Мальчишки-пастухи каждое лето пытались ее объездить, но она не поддавалась. Они хитрили — клали перед ней ломоть хлеба, Белка старалась ухватить его как можно быстрее и, заметив, что кто-нибудь из них взбирается, ей на рога, резко вскидывала голову. Если же пастушку удавалось вскочить ей на спину с пригорка, она бросалась, бежать, не разбирая дороги, то и дело взбрыкивала, извиваясь всем телом, терлась о стволы деревьев, забиралась в колючий кустарник, пока, наконец, ей не удавалось сбросить непрошеного наездника. Она любила, отбившись от стада, пастись в одиночестве. Бывало, задерет рогатую голову и бредет неведомо куда, сколько ни кричи ей вслед — ни за что не остановится. А то направится в кукурузу и, как ты не надрывайся, она не повернет назад, добежит до поля и сорвет початок-другой. Если же ей удавалось набрести на тыкву, то, завидев бегущего к ней пастушка, она бросалась навстречу, грозно наставив на него рога, и опять возвращалась к любимому лакомству. Иногда ей удавалось незаметно отбиться от стада. Пастушок отправлялся на поиски по следам, которые вели в густой колючий кустарник, продравшись сквозь заросли, он долго осматривался по сторонам и к своему ужасу обнаруживал, что буйволица пасется посреди чужого поля. Сколько раз ему доставалось по первое число от полевого сторожа, а все из-за нее, из-за Белки, которую не раз за потраву запирали в общинном хлеву, а потом штрафовали за это хозяина — Стояна Громодольца.

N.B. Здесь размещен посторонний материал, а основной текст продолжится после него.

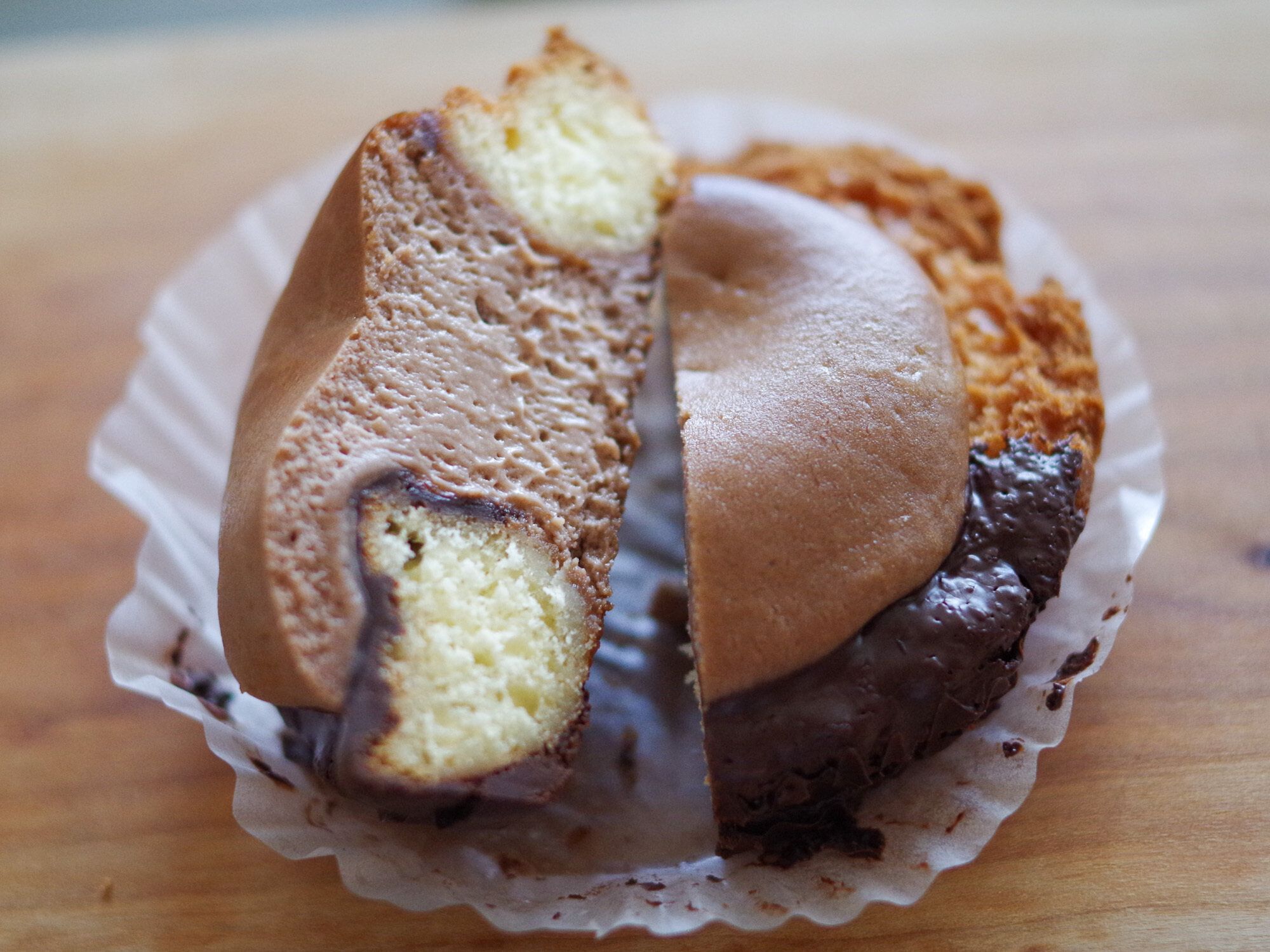 ベイク チーズタルトドーナツ同様、たっぷり入っていて滑らか!チーズっぽさが強くて、チョコレートの甘さは控えめ。夏でもサッパリ食べやすい味わいでした。チョコファッションのチョコレートがかかった部分は、特にチョコレートの濃厚な味わいが楽しめます。こちらも冷やすことができます。

Правда, и ей доставалось за самовольство. Пастушок швырял в нее чем попало, как в злую собаку. Бросит палку, а буйволица пригнет голову, зажмурившись, и бежит прочь, только ее и видели. За особо большую шкоду мальчишки гуртом колотили ее, ухватив за длинный хвост, а Белка мчалась по лугу, волоча их за собой. Бывало, по утрам у нее гноился подбитый глаз, и мухи весь день не давали ей покоя.
Наступили жаркие летние дни. Поля побелели, запахли хлебом, туго налитые колосья клонились к земле. Бабочки в пестрых нарядах плавно парили в пронизанном светом воздухе. В глубоком, просторном июльском небе не было ни облачка, но порой где-то вдали, над горизонтом, беззвучные сухие молнии расправляли свои алые паруса. То была верная примета, что хорошая погода задержится и можно будет без потерь собрать урожай, — крестьяне радовались и благословляли судьбу.

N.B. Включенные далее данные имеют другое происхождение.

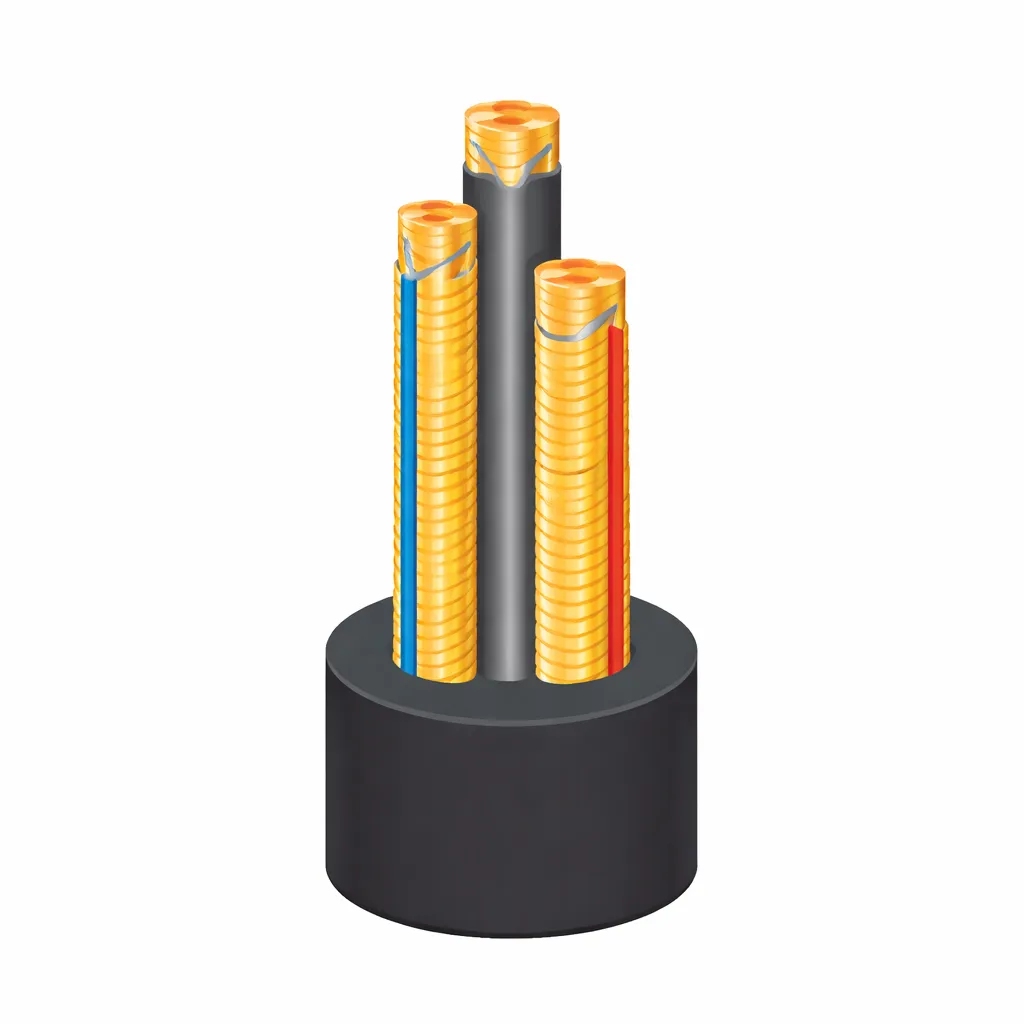 Type 440 is a Class 2, composite screened, three-core trailing cable designed for open cut and surface mining where three pilot/control cores are required instead of a single central pilot. Three EPR-insulated power cores are laid up around a centre filler, with three elastomer-covered pilot conductors disposed into the outer interstices — the same positions occupied by earth conductors in related types. Rated 1.1/1.1 kV through 22/22 kV (U0/U), it is the three-pilot open-cut equivalent of the underground Type 240. The composite Cu-wire screen provides collective earth fault detection. Per AS/NZS 2802:2000, it is designated Class 2.......Read More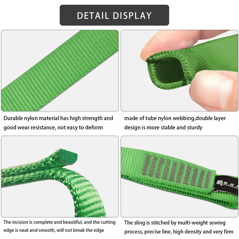 - Various Activities: Nylon loop runners are very suitable for line redirections, speed-line systems and often used to connect ATC during rock climbing and descent, or to secure the user to a protective station in multiple sections. It can be used for tree trimming, positioning, rigging, ziplining, anchoring, climbing, hanging, stretching, bundling, saddle hunting, hammock, and can also be used for extending positioning ropes. Its multifunctional use is loved by arborist, line worker, mountaineer.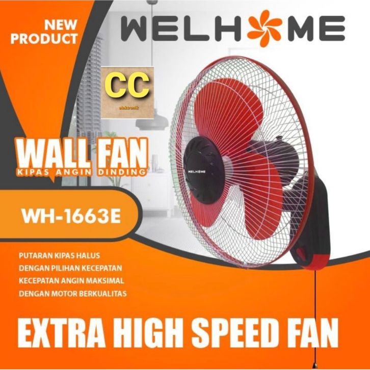 Welhome wall fan 16 inch / kipas angin dinding tembok WELHOME WH1663E 16" murah SNI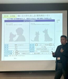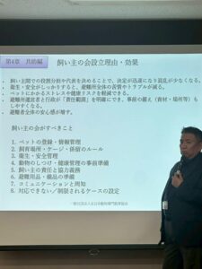 「ペット同行避難の制度的背景」から「現場で起きている課題」「行政・地域・専門職の連携のあり方」まで、より実践的かつ戦略的な内容を中心にお話ししました。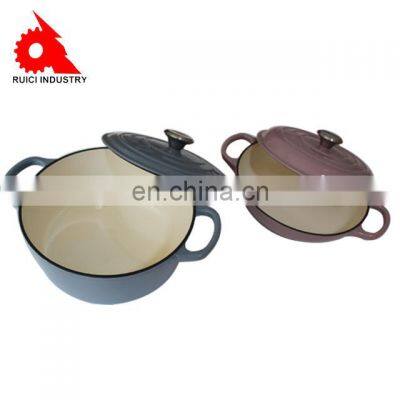 Product DescriptionFashion appearanceContracted anacreontic lines, cast iron and enamel simple sense of the collision. Western style emotional appeal spurts out, muchstove is general, can do cate in the home.SpecificationitemvalueTypeSoup & Stock PotsApplicable StoveGeneral Use for Gas and Induction CookerCommercial BuyerCaterers & Canteens, Restaurants, Fast Food and Takeaway Food Services, Food & Beverage Stores, Specialty Stores, Food & Beverage Manufacture, TV Shopping, Department Stores, Super Markets, Hotels, Convenience Stores, Cafes and Coffee Shops, Discount Stores, E-commerce Stores, Gifts Stores, Souvenir StoresSeasonEverydayRoom Space SelectionSupportDesktop, Kitchen, Dining Room, Indoor and Outdoor, Living Room, OutdoorOccasion SelectionSupportBack to School, Giveaways, Business Gifts, Camping, Travel, Retirement, Party, Graduation, Presents, WeddingHoliday SelectionSupportValentine's Day, Mother's Day, New Baby, Father's Day, Eid holidays, Chinese New Year, Oktoberfest, Christmas, New Year's, Easter Day, Thanksgiving, HalloweenMaterialMetalCast IronFeatureSustainable, StockedPlace of OriginChinaLiaoningBrand NameOEMModel NumberOEMLidCast Iron LidUsageHome KitchenHandleTwo HandlesColorCustomizedSizeCustomizedLogoCustomizedCoatingEnamelCapacity4.2LShapeCircleAdvantageEco-Friendly.Safety.durable.ColorfulPacking & Deliveryexport standard or according to customer's requirmentCompany ProfileDalian Ruici Industry Co., Ltd. is a leading manufacturer and exporter of high profile casting, machining, molds and assembly products, etc. Featuring optimum combination of price and performance, our products are widely used on valves, water pumps, speed reducers, ejectors and automobiles, etc. With over two decades of perseverance and dedication in production and total quality management, we have established a long-term loyal customer base in North America, Europe, East Asia, and Mid East.Our core competitiveness edge lies in total customer solutions. By integrating manufacturing with foreign trade sectors, we can provide total customer solutions by guaranteeing the delivery of right products to the right place at the right time, which is supported by our abundant experiences, powerful production capability, consistent quality, diversified product portfolios and the control of the industry trend as well as our mature before and after sales services. We'd like to share our ideas with you and welcome your comments and questions.FAQ1. who are we?We are based in Liaoning, China, start from 2005,sell to Western Europe(60.00%),North America(20.00%),Southeast Asia(10.00%),Oceania(10.00%). There are total about 51-100 people in our office.2. how can we guarantee quality?Always a pre-production sample before mass production;Always final Inspection before shipment;3.what can you buy from us?Castings,Forgings,Stampings,Valve Parts,CNC Machining4. why should you buy from us not from other suppliers?Over 20 years export experience on casting and machining business, advanced production(CNC and machining center) and inspection equipments (CMM), fully quality control system(ISO 9001:2008), perfect after-sales service. Main market Germany, Japan, USA.....5. what services can we provide?Accepted Delivery Terms: FOB,CFR,CIF,DDP,DDUï¼›Accepted Payment Currency:USD,EUR,JPY,CNY;Accepted Payment Type: T/T,L/C,Western Union;Language Spoken:English,Chinese,Japanese

Все Стояновы домочадцы вышли в поле. Денка с детьми и две молодые поденщицы жали хлеб и вязали его в снопы. Стоян следом перепахивал поле. Обливаясь потом, склонившись до земли, жницы двигались вперед, оставляя после себя широкую полосу стерни. Колосья тревожно раскачивались и шелестели, словно хотели убежать от острых серпов. На сухой стерне тут и там весело зеленели пучки травы, перекатывались, словно бочонки, тяжелые снопы, светлые тропинки были протоптаны к телеге, к баклаге с водой, оставленной в тени груши, к зеленеющему неподалеку лесу.

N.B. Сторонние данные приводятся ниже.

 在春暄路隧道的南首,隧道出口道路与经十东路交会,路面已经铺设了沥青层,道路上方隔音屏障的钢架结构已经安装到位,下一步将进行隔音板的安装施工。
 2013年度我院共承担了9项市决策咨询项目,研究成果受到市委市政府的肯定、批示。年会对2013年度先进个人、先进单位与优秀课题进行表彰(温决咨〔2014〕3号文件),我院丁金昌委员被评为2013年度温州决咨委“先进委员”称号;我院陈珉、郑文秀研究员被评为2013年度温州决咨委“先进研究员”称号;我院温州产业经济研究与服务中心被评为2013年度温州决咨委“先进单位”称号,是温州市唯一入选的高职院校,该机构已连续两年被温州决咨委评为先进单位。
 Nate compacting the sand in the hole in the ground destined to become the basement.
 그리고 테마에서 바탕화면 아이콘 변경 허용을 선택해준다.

Всем распоряжалась Денка, жена Стояна. Она не только сама жала за троих, но и следила за тем, как работают другие. Подбадривала ребят, подавая им пример, хвалила за старание, порой журила. А разогнув спину, обводила глазами ниву и принималась нахваливать пшеницу:
— Хлеб-то уродился на славу. Высокий, густой, колосок к колоску, и все на один бок клонятся! А уж чистый — любо-дорого поглядеть. Так и просится: «Жни меня скорей!» — Немного помолчав, она добавляла озабоченно: — Поторапливаться надо, как бы не разразился град — без куска хлеба останемся!
Высохшая после весенних дождей, потрескавшаяся земля казалась красноватой от пшеничных зерен, осыпавшихся в знойные и ветреные июльские дни, с колосистых снопов раскаленными угольками опадали на землю зерна — куда ни глянь, всюду была пшеница.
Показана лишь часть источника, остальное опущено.